Canadian all wheat stocks as of Dec. 31 fell to near a two-decade low, while durum stocks were at their lowest in more than 30 years.
A Statistics Canada grain stocks report on Tuesday pegged national all wheat stockpiles as of the end of December at 15.564 million tonnes, down 38% from a year earlier and the tightest since 2002 when all wheat stocks fell to 13.979 million.
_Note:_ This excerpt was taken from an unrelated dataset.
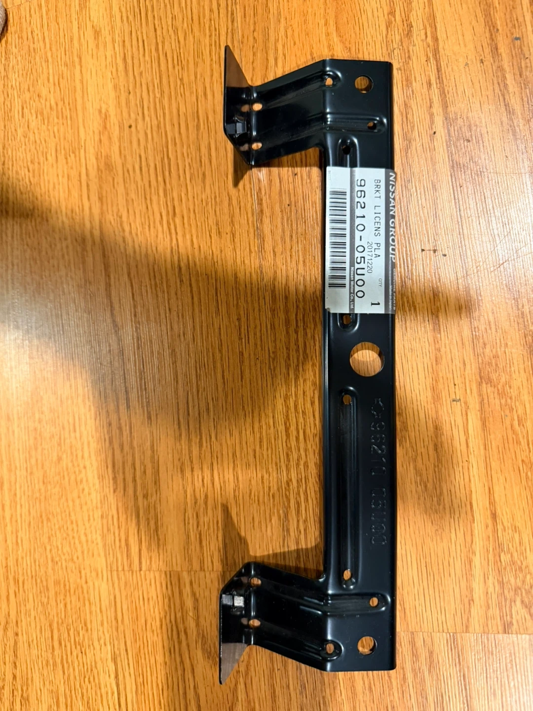 Genuine Nissan license plate bracket. Part number 96210-05U00. Manufactured December 20, 2017. This bracket is made of black metal.

Durum stocks as of Dec. 31, 2021 were reported at 2.094 million tonnes, a drop of 56.4% from the previous year and a level not seen since 2.024 million in 1988. Wheat (excl durum) stocks were down by about one-third compared to a year earlier at 13.47 million tonnes, the lowest since 2007.
The tightness in Dec. 31 wheat stocks is of course due to last summer’s Prairie drought, which slashed national all wheat output by 38% to 21.65 million tonnes. Durum production fell even more sharply, down almost 60% to 2.65 million.
With a total all wheat supply of 27.582 million tonnes to begin the 2021-22 crop year, the December stocks number infers Aug. 1- Dec. 31 usage of just over 12 million tonnes, compared to 15.7 million for the same period a year earlier. Inferred Aug. 1 – Dec. 31 durum use was 1.33 million tonnes, versus 2.51 million the previous year.